Nun siegt mal schön!” wün­scht Den­nis Morhardt, Ini­tia­tor des Online-Spiels “Politwet­tbüro”, seinen ersten Mit­spiel­ern in Anlehnung an ein Zitat des ersten Bun­de­spräsi­den­ten Heuss. Zur Zeit läuft der Dienst noch als Private-Beta und man kann nur per Invite einen Account anle­gen. Doch schon jetzt gibt es eine Reihe Wet­ten und die Early-Adopter sind schon fleißig dabei. Ich habe mein Startkap­i­tal auch schon platziert und warte nun, ob Wolf­gang Thierse heute noch zurück­tritt oder nicht.

Das Ganze funk­tion­iert so: Jedes neue Mit­glied bekommt 200 “Polit”. Damit kann man auf Wet­ten set­zen. Wet­ten kann eben­falls jedes Mit­glied ein­richten. Man stellt eine Frage und setzt ein End­da­tum: “Die für den 27. Okto­ber 2013 geplante Eröff­nung des neuen Berliner Flughafens BER wird ver­schoben” — die Wette läuft bis 1. April 2013. Bis dahin kann man “Ja” oder “Nein” wet­ten. Je mehr Leute auf eine Option wet­ten, desto schlechter wird die Quote — desto weniger “Polit” kann man gewin­nen.

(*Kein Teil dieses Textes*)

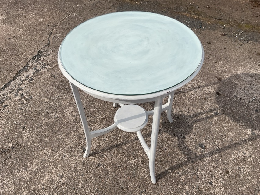 A circular painted hardwood occasional table with thick plate glass to moulded top, supported on rounded rectangular splayed legs joined by stretchers with conforming circular platform. (23.75in x 29.5in)

Oder umgekehrt: Wenn man gegen den Trend wet­tet, kann man mehr gewinnen.

Man kann sich die Wet­ten nach ver­schiede­nen Aspek­ten sortieren lassen und bei bald ablaufenden Wet­ten noch ein­mal schnell ein paar “Polit” ver­di­enen, oder schauen, welche Wet­ten alle bis zur Bun­destagswahl laufen. Ver­mut­lich wer­den die Wet­ten nach dem öffentlichen Start noch weiter sortier­bar wer­den, denn schon jetzt ist die Liste recht lang.

Natür­lich kann man sich auch im Politwet­tbüro miteinan­der befre­un­den — dann bekommt man mit, was die Fre­undin­nen und Fre­unde ger­ade wet­ten. Ohne “social” geht es halt nicht mehr. Aber tat­säch­lich ist es ganz witzig, zu sehen, was die Anderen so machen, wenn man sich erst ein­mal mit ein paar Leuten ange­fre­un­det hat.

Dazu gibt es noch “Badges” zu gewin­nen: Eines habe ich schon erhal­ten für die Anmel­dung während der Private-Beta. Eines habe ich für die erste geset­zte und gewonnene Wette erhal­ten. Ich bin ges­pannt darauf, welche Achieve­ments sich Den­nis noch ausdenkt.

Hier und da ist die Farbe noch nicht ganz trocken, Grafikele­mente lap­pen in einan­der, die ander­swo noch fehlen. Ins­ge­samt macht das Politwet­tbüro aber einen sehr guten Ein­druck. Es ist extrem ein­fach zu bedi­enen und macht so ohne Lernkurve direkt Spaß. Ich erin­nere mich da mit Schrecken an die soge­nan­nte “Wahlbörse”, die die Kieler Nachrichten hier immer wieder zu Wahlen starten. Die habe ich bis heute nicht verstanden.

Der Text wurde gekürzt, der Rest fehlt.